Variable token amount

After doing the math it turns out that having a variable amount of tokens versus a fixed amount of 4 or 8 stable tokens would have a negative impact on the gas fees as well as the complexity of the contract.

Our current belief is therefore that we should stick to 4, maybe 8, stable tokens. 

We will, just like with DefiPlaza, add the ability to exchange tokens that are underperforming for new more promising stable tokens.

Uniswap v2 compatible

To make integrations with aggregators easier, we are working on making StablePlaza “Uniswap V2 compatible”, which means that the calls to swap on StablePlaza would be similar to how a contract would call the swap function on Uniswap V2 and receive a similar result.

A 1inch would therefore not need to write any custom code and “only” add the StablePlaza contract address to add StablePlaza as a swapping destination.

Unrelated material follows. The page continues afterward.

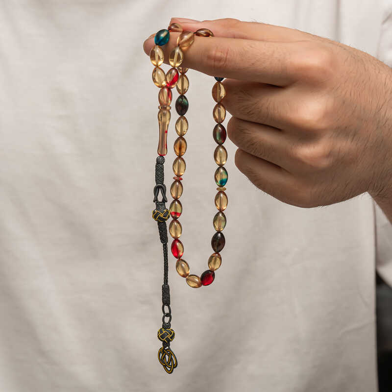 Kehribar, çam ağacı reçinesinin toprak altında uzun yıllar boyunca birikerek oluşan bir maddedir. Hemen hemen taş ile aynı sertliktedir fakat yoğunluğu düşüktür. Çam kokusu yayar. Oluşumu uzun zaman aldığından ve yapay olarak yapılamadığından değerli bir maddedir. Sıkma kehribar ise kehribar taşından farklı olarak onun özelliklerini taşıyan, görüntü itibariyle ona benzeyen fakat gerçek olmayan bir malzemedir. Ülkemizde ve dünyanın bir çok yerinde kehribar taşından çeşitli malzemeler üretilmiştir. Ülkemizde en yaygın olarak tesbih üretilmektedir. Kehribar tesbihler elde ısındıkça kehribar benzeri bir koku verir ve renk değiştirir. Bir çok rengi vardır. Hatta iki rengin birleşiminden oluşan kehribar tesbih modelleri de vardır. Genellikle gümüş püskül ile kullanılır veya sistemli olarak da kullanılabilir. Ülkemizin güzide tesbih ustaları bu malzemeyi sıklıkla işlemek suretiyle çeşitli sanat eserleri meydana getirirler. Bu tesbihler de koleksiyonerler tarafından alınıp satılmaktadır. Gümüş 1000 ayar kazaz püsküllü sıkma kehribar tesbih modeli de günlük hayatta kullanılabilecek çok şık bir tesbih çeşididir. Özel günlerin vazgeçilmez hediyesi sıkma kehribar tesbihler erkekler için doğum günü, sevgililer günü ve babalar günü gibi özel zamanlarda hediye olarak tercih edilebilir. Gümüş kazaz püsküllü sıkma kehribar tesbih modeli diğer kehribar tesbih modellerinde olduğu gibi tamamen el emeği ile imal edilmiştir.
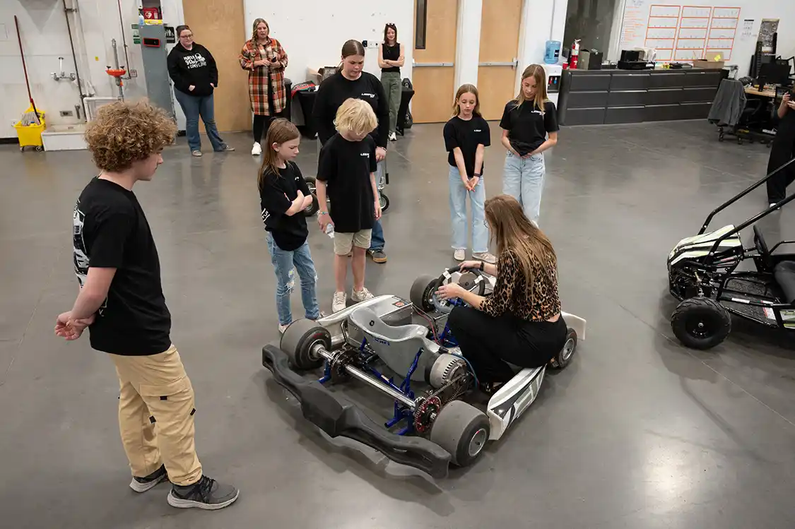 The EV Innovators Club provides students with a structured, hands-on introduction to EV technology. Through an engaging curriculum and hands-on projects, participants gain practical skills while fostering a passion for STEM careers. A key feature of the program is that students build and drive their own electric go-kart, making learning fun, interactive, and directly applicable to real-world EV technology.

This makes integrating with aggregators easier and should thus increase the trade volume on StablePlaza significantly.

Capital Efficiency

Just like DefiPlaza, StablePlaza will be very capital efficient thanks to its multi-token pool setup.

With 4 stable tokens, it would only need 4 pieces of liquidity to power 6 stable token pairs. Offering a 3x higher fee reward per provided liquidity as compared to traditional pair-based DEXes. Since a traditional pair-based DEX like Uniswap would need 12 pieces of liquidity to power 6 pairs.

With 8 stable tokens, it would need 8 units of liquidity to provide 28 trading pairs. This potentially offers a 7x higher fee income when compared to pair-based DEXes, since a pair-based DEX would need 56 units of liquidity to provide the same 28 pairs.

Separate app

Since StablePlaza would feature its own swapping, liquidity, and staking functionality, we will launch StablePlaza as a separate app under the DefiPlaza brand. 

This will be done by deploying the new app to stable.defiplaza.net and making it clear to the user by using a different logo and background color that the user is now using StablePlaza and not DefiPlaza.

That way we use the advantage of operating everything under one domain while separating the UI and making interacting with the two DEXes as easy as possible while at the same time reusing as much as possible of the existing UI.

How we will market the new StablePlaza DEX on our website is still up for discussion and any tips are welcome.

Timeline

We scheduled the audit by Pessimistic.io for April 25, 2022. That gives us about five weeks to finish the smart contracts and adapt the DefiPlaza App to StablePlaza.

We do believe this is possible and want to keep moving fast because StablePlaza is a huge opportunity for us and our community. 

The audit will probably take a week or two and we might need to update the smart contracts based on their feedback, but we are targeting a launch in mid-May.

Since the math and engineering of StablePlaza are much more complex than DefiPlaza we are also planning to release a WhitePaper next to our usual extended Medium article upon launch, explaining all the details behind our decisions.